Instructions for the task =
From the listing that follows, reproduce only the lines from the one holding "Vážení zákazníci zlatavého" through the one holding "Pink: Mica, Tapioca", both included, with no pictures.

Given records =
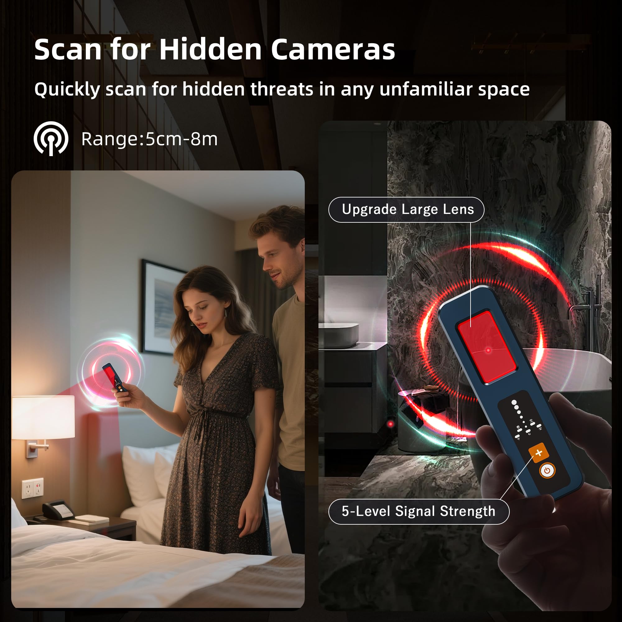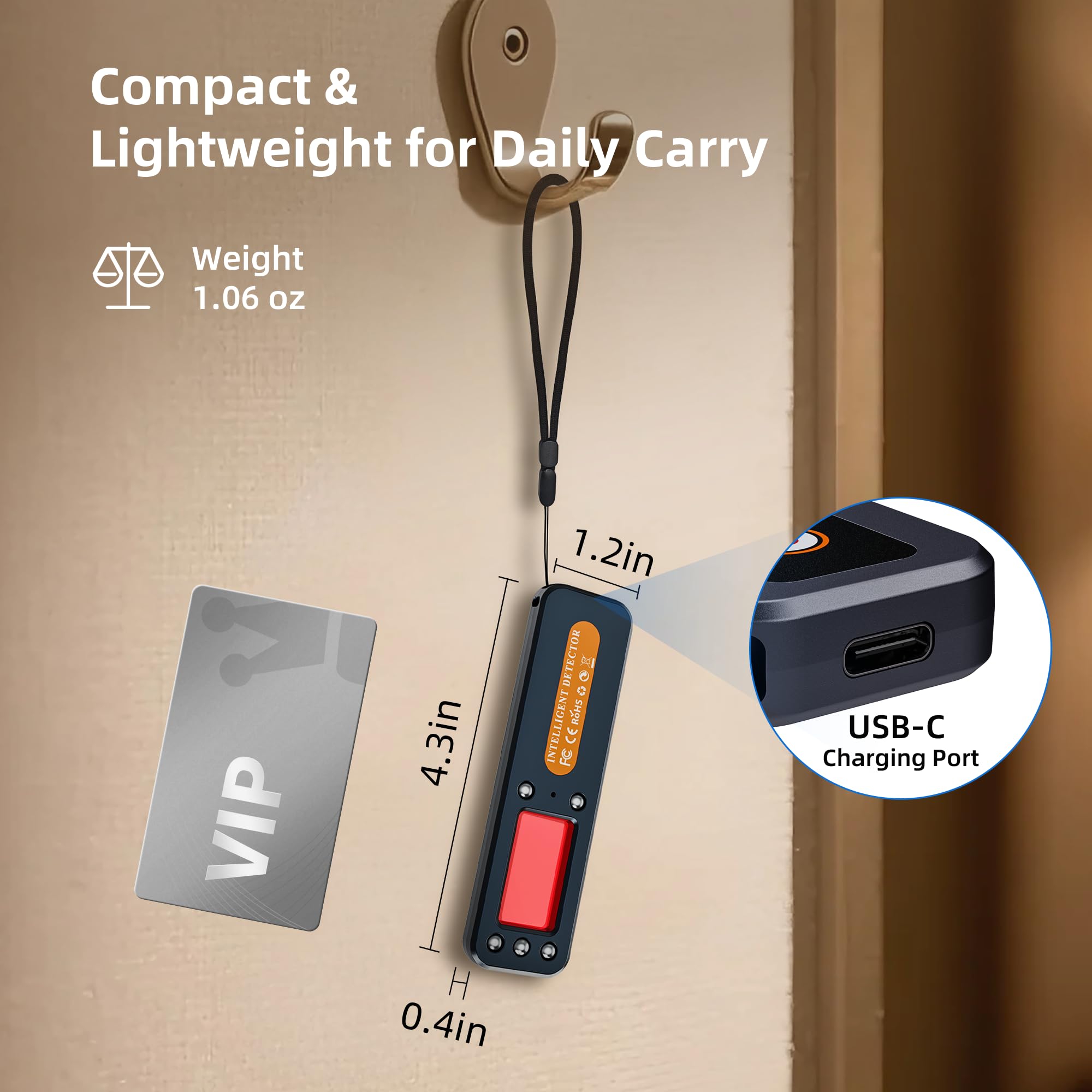 - 5 Detection Modes with Anti-Theft Alarm: Switch between RF, magnetic, lens, infrared, and motion alarm modes. Hang it on a doorknob or bag — when moved, it emits a loud alert. Provides effective privacy and theft protection without any apps or connections.
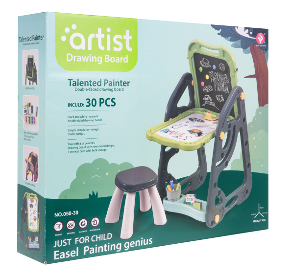 Velká multifunkční sada skládající se ze dvou tabulí: křídové a magnetické, a židle je určena pro děti od 3 let. Stojan na tabule lze nastavit ve dvou variantách. V první variantě budeme mít na jedné straně magnetickou tabuli a na druhé křídovou tabuli. Můžeme také nastavit výšku desek. Ve druhé variantě budeme mít stůl, na jehož horní a přilehlé stěně budou dvě desky. Na bílou stranu lze psát fixami nebo na ni lze připevnit barevné magnety. Černou stranu lze namalovat křídou a lze na ni také připevnit barevné magnety.
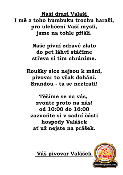 Vážení zákazníci zlatavého moku, v době epidemie koronavirem pro vás zavádíme rozvoz PET lahví až do domu po Vsetíně a okolí 15 km.
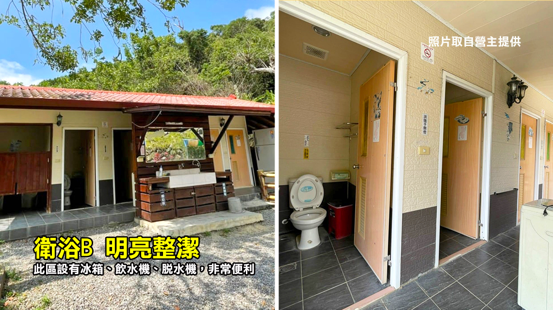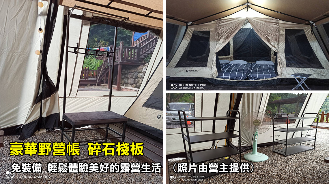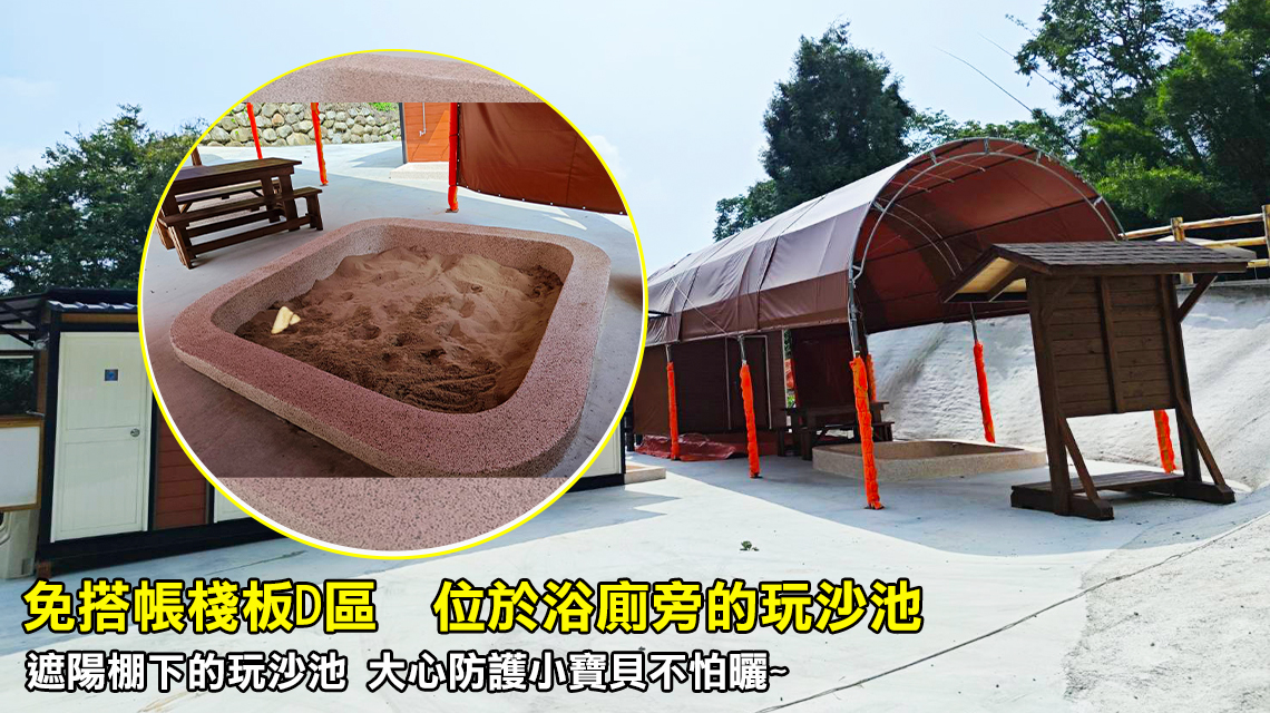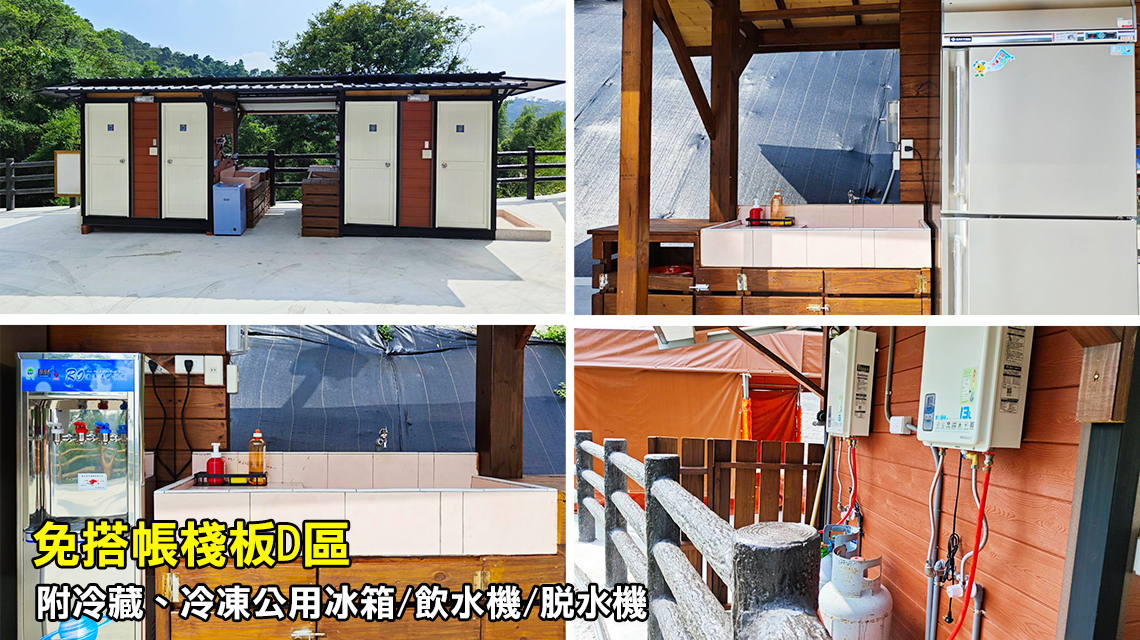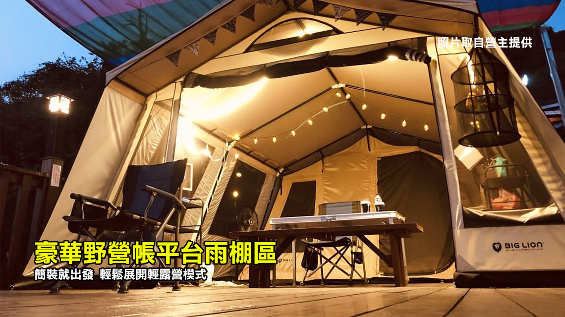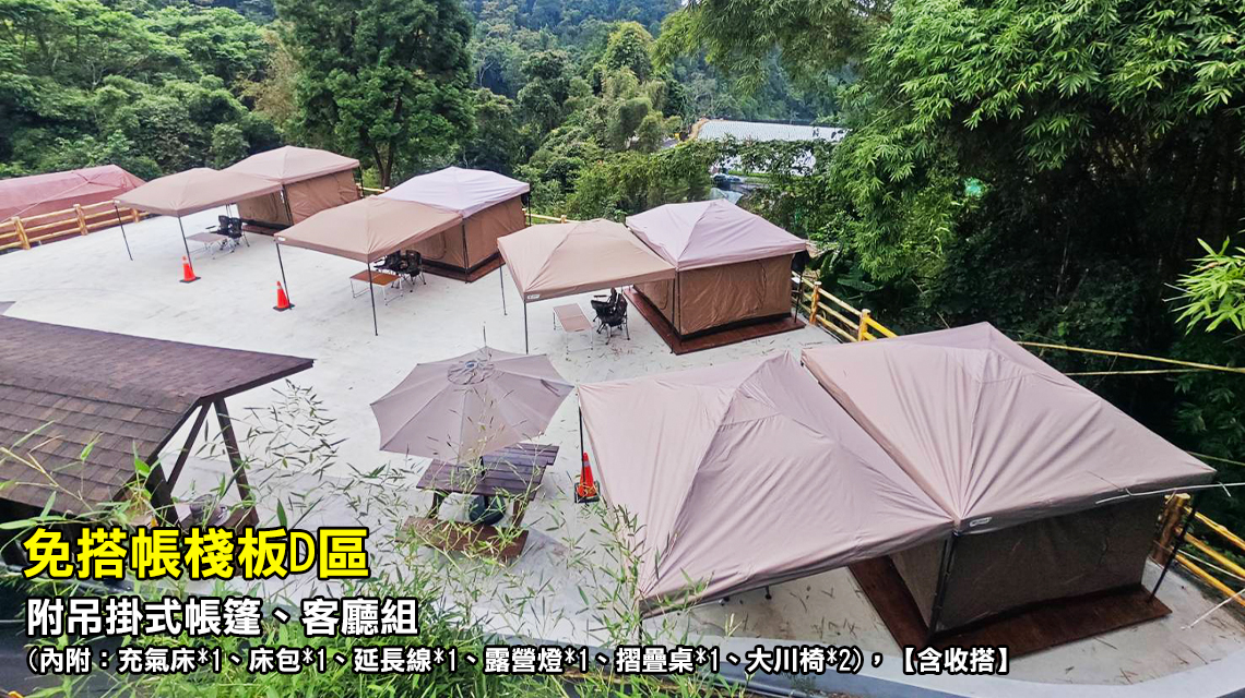 ※ 露營屋區:共用衛浴廁所2間,於大露台露營屋下步行約10步。
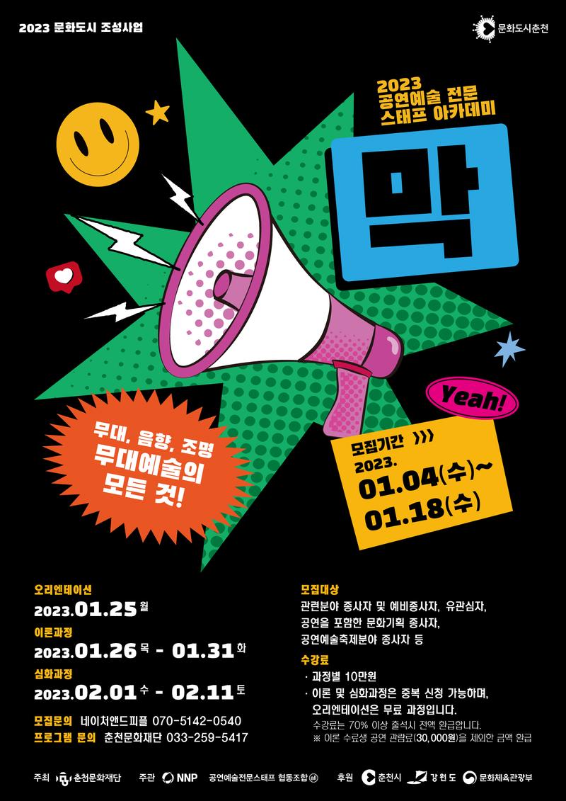 공연예술 스태프를 꿈꾸는 예비인력들의 성장의 장! 무대뒤 주인공이 되는 첫걸음! <2023 공연예술 전문 스태프 아카데미 막>에서 예비 공연예술 스태프를 모집합니다! 춘천문화재단은 문화도시 조성사업의 일환으로 문화도시 춘천 특화형 전문스태프 인력양성 프로그램을 운영하고 있습니다. 《2023년 공연예술 전문 스태프 아카데미 막》은 올해로 4회차를 맞이한 사업으로 공연예술 스태프계를 꿈꾸는 예비인력들의 성장의 장, 관련 분야 종사자들의 역량을 강화할 수 있는 체계적인 현장실무를 지원합니다. 평소 공연예술 전문 스태프의 활동에 관심 있던 관계자 여러분의 많은 관심과 참여 부탁드립니다.
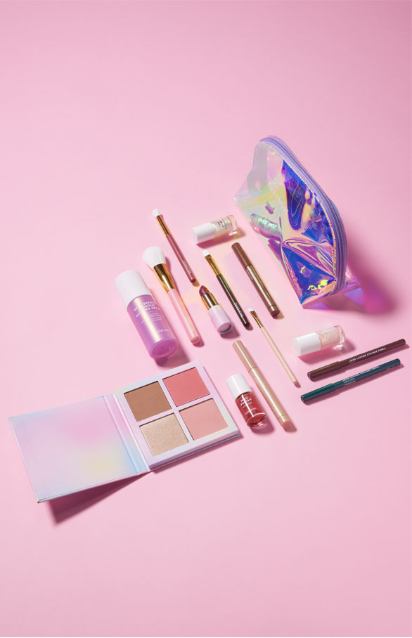Pink: Mica, Tapioca Starch, Kaolin, Helianthus Annuus Hybrid Oil, CI 77742, Ricinus Communis Seed Oil, Macadamia Integrifolia Seed Oil, CI 7789, P-Anisic Acid, CI 15850, CI 7749, Aluminum Hydroxide, Magnolia Officinalis Bark Extract, CI 77492, CI 77007. Peachy: Talc, Mica, Magnesium Stearate, Caprylic/Capric Triglyceride, CI 77891, Macadamia Integrifolia/Tetraphylla Seed Oil, Kaolin, Ricinus Communis Seed Oil, CI 77491, CI 75470, CI 77492, P-Anisic Acid, Maltodextrin, Tocopherol, Glyceryl Caprylate, Helianthus Annuus Seed Oil. Bronze: Mica, Kaolin, Magnesium Stearate, Caprylic/Capric Triglyceride, CI 77492, Copernicia Cerifera Cera, CI 77499, CI 77491, Isocetyl Stearoyl Stearate, Pentylene Glycol, Glyceryl Caprylate, CI 77742, Magnolia Officinalis Bark Extract, Magnesium Oxide, Alumina. Glow: Mica, CI 77891, Zea Mays Starch, Triethylhexanoin, Octyldodecyl Stearoyl Stearate, Silica, Dimethicone, Copernicia Cerifera Cera, CI 77491, Polyvinyl Alcohol, Phenoxyethanol, Caprylyl Glycol, Glycerin, Tin Oxide, CI 77492, Hexylene Glycol, CI 77499, Alumina, Magnesium Oxide.
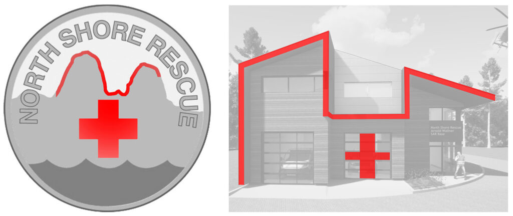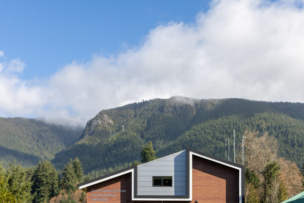 When asked about the theme of the design and the other smaller, yet powerful details, Nick expressed his desire to nod to the organization’s logo, and he did so in a subtle way. “What we saw initially in the North Shore Rescue logo, which has The Lions (or Twin Sisters) Mountains, a distinct backdrop to the Vancouver skyline, and the cross below that. We wanted to echo that and respond to that in a way as well, so what we’ve got on this building is a thin white flashing line with that similar silhouette to the Lions. It’s supposed to echo the white snow caps,” says Nick. “We also included the cross in the doors, as you can see in the middle and then the different colored cladding that responds to that environment as well.”
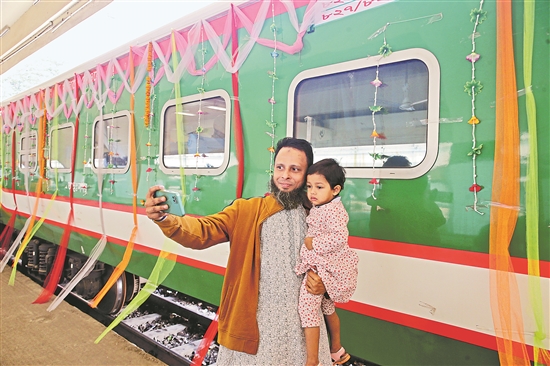 中國企業承建的孟加拉國最大鐵路項目帕德瑪大橋鐵路連接線近日全線通車,正式運營。作為標志性“一帶一路”共建項目,這條被當地人稱為“夢想之路”的鐵路全線長約170公里。通車后,首都達卡到西南部城市杰索爾的通行時間將由原來的10小時縮短至3小時。同時,該鐵路將有力促進沿線地區經濟發展。圖為近日,在孟加拉國首都達卡,人們在帕德瑪大橋鐵路連接線列車前自拍。新華社發(拉赫曼 攝)
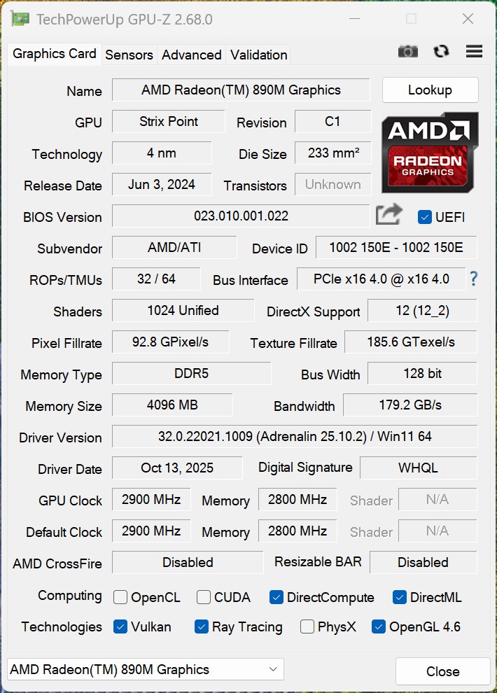 Sapphire Edge AI offre forti prestazioni iGPU con l'AMD Radeon 890M integrato. Il dispositivo ottiene buoni risultati nei benchmark sintetici e si posiziona a metà classifica. Il limite di potenza conservativo di 35 watt influisce in modo significativo sulle prestazioni 3D. L'iGPU conferma le sue elevate prestazioni anche nei test di gioco pratici. Contro la grafica integrata attualmente più veloce, l'AMD Radeon 8060S (ad esempio nel Bosgame M5 o GMKtec EVO-X2), tuttavia, la Radeon 890M non riesce a tenere il passo.

Exercise solution =
 Vážení zákazníci zlatavého moku, v době epidemie koronavirem pro vás zavádíme rozvoz PET lahví až do domu po Vsetíně a okolí 15 km.
 ※ 露營屋區:共用衛浴廁所2間,於大露台露營屋下步行約10步。
 공연예술 스태프를 꿈꾸는 예비인력들의 성장의 장! 무대뒤 주인공이 되는 첫걸음! <2023 공연예술 전문 스태프 아카데미 막>에서 예비 공연예술 스태프를 모집합니다! 춘천문화재단은 문화도시 조성사업의 일환으로 문화도시 춘천 특화형 전문스태프 인력양성 프로그램을 운영하고 있습니다. 《2023년 공연예술 전문 스태프 아카데미 막》은 올해로 4회차를 맞이한 사업으로 공연예술 스태프계를 꿈꾸는 예비인력들의 성장의 장, 관련 분야 종사자들의 역량을 강화할 수 있는 체계적인 현장실무를 지원합니다. 평소 공연예술 전문 스태프의 활동에 관심 있던 관계자 여러분의 많은 관심과 참여 부탁드립니다.
Pink: Mica, Tapioca Starch, Kaolin, Helianthus Annuus Hybrid Oil, CI 77742, Ricinus Communis Seed Oil, Macadamia Integrifolia Seed Oil, CI 7789, P-Anisic Acid, CI 15850, CI 7749, Aluminum Hydroxide, Magnolia Officinalis Bark Extract, CI 77492, CI 77007. Peachy: Talc, Mica, Magnesium Stearate, Caprylic/Capric Triglyceride, CI 77891, Macadamia Integrifolia/Tetraphylla Seed Oil, Kaolin, Ricinus Communis Seed Oil, CI 77491, CI 75470, CI 77492, P-Anisic Acid, Maltodextrin, Tocopherol, Glyceryl Caprylate, Helianthus Annuus Seed Oil. Bronze: Mica, Kaolin, Magnesium Stearate, Caprylic/Capric Triglyceride, CI 77492, Copernicia Cerifera Cera, CI 77499, CI 77491, Isocetyl Stearoyl Stearate, Pentylene Glycol, Glyceryl Caprylate, CI 77742, Magnolia Officinalis Bark Extract, Magnesium Oxide, Alumina. Glow: Mica, CI 77891, Zea Mays Starch, Triethylhexanoin, Octyldodecyl Stearoyl Stearate, Silica, Dimethicone, Copernicia Cerifera Cera, CI 77491, Polyvinyl Alcohol, Phenoxyethanol, Caprylyl Glycol, Glycerin, Tin Oxide, CI 77492, Hexylene Glycol, CI 77499, Alumina, Magnesium Oxide.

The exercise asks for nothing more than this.